**Records for this task**
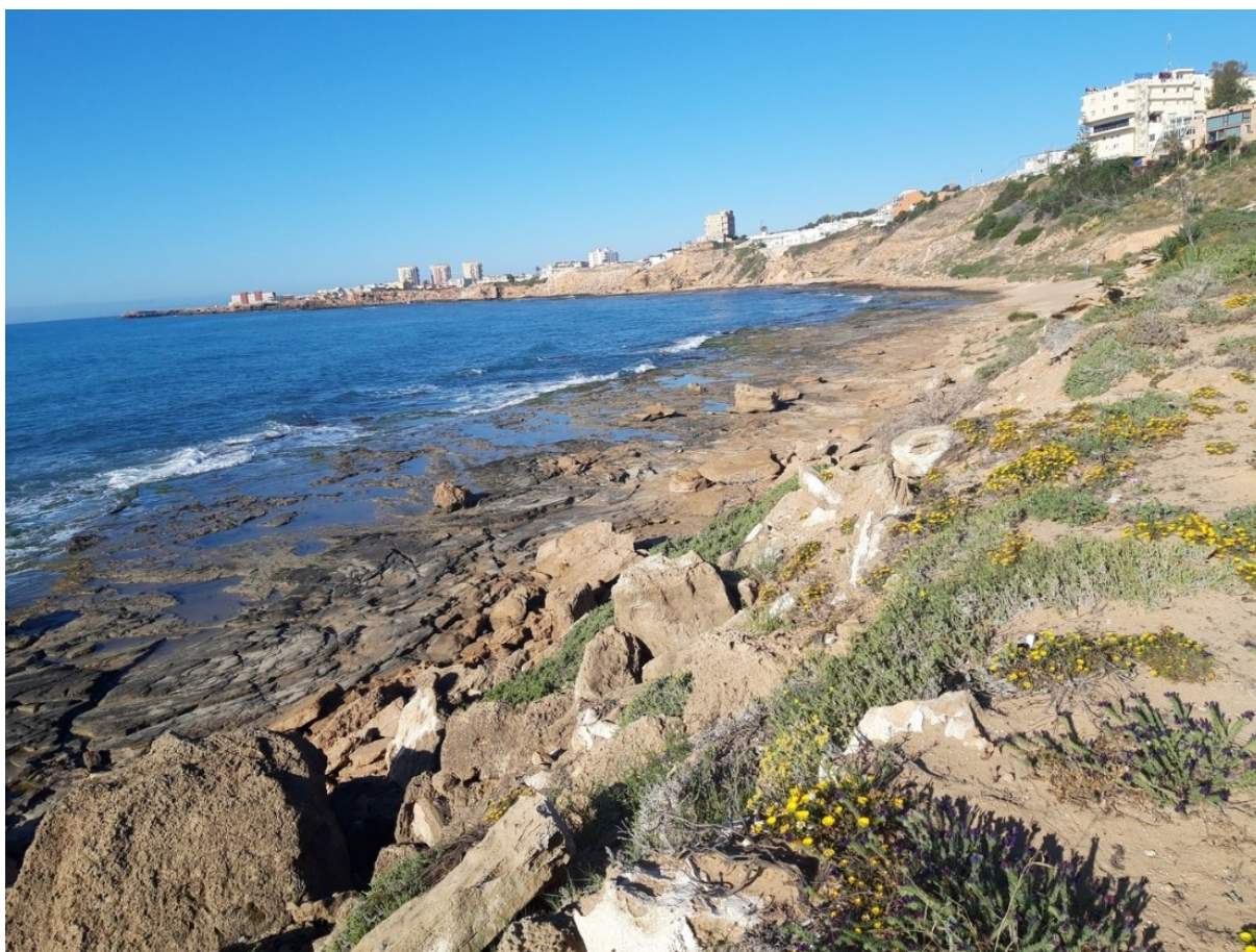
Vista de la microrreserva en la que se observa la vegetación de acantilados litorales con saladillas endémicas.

==

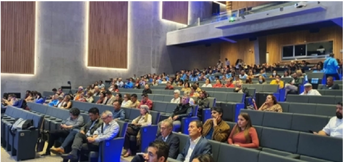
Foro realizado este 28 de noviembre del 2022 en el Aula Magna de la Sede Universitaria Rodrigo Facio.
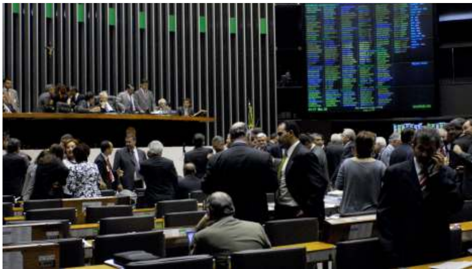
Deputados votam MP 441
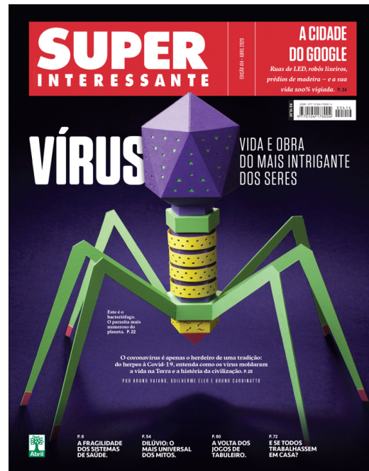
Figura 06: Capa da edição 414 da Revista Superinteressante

--

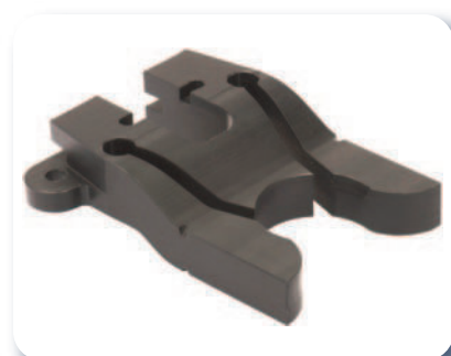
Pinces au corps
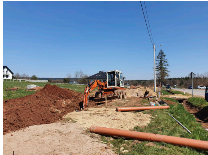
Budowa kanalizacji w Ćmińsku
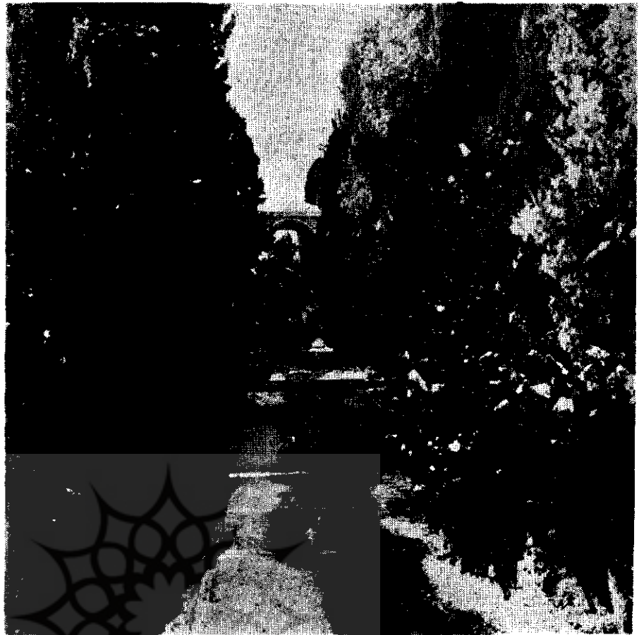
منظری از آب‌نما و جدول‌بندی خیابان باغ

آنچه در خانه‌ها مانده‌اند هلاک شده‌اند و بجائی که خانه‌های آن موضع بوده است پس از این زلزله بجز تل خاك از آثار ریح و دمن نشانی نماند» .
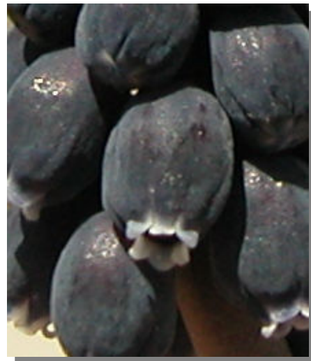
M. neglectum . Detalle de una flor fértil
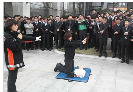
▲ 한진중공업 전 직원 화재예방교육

**Description of the task**
Beginning with the line above that contains "Foro realizado este" and finishing with the line that contains "Figura 06: Capa", print those lines exactly and only. Skip all pictures.

**Exercise output**
Foro realizado este 28 de noviembre del 2022 en el Aula Magna de la Sede Universitaria Rodrigo Facio.
Deputados votam MP 441
Figura 06: Capa da edição 414 da Revista Superinteressante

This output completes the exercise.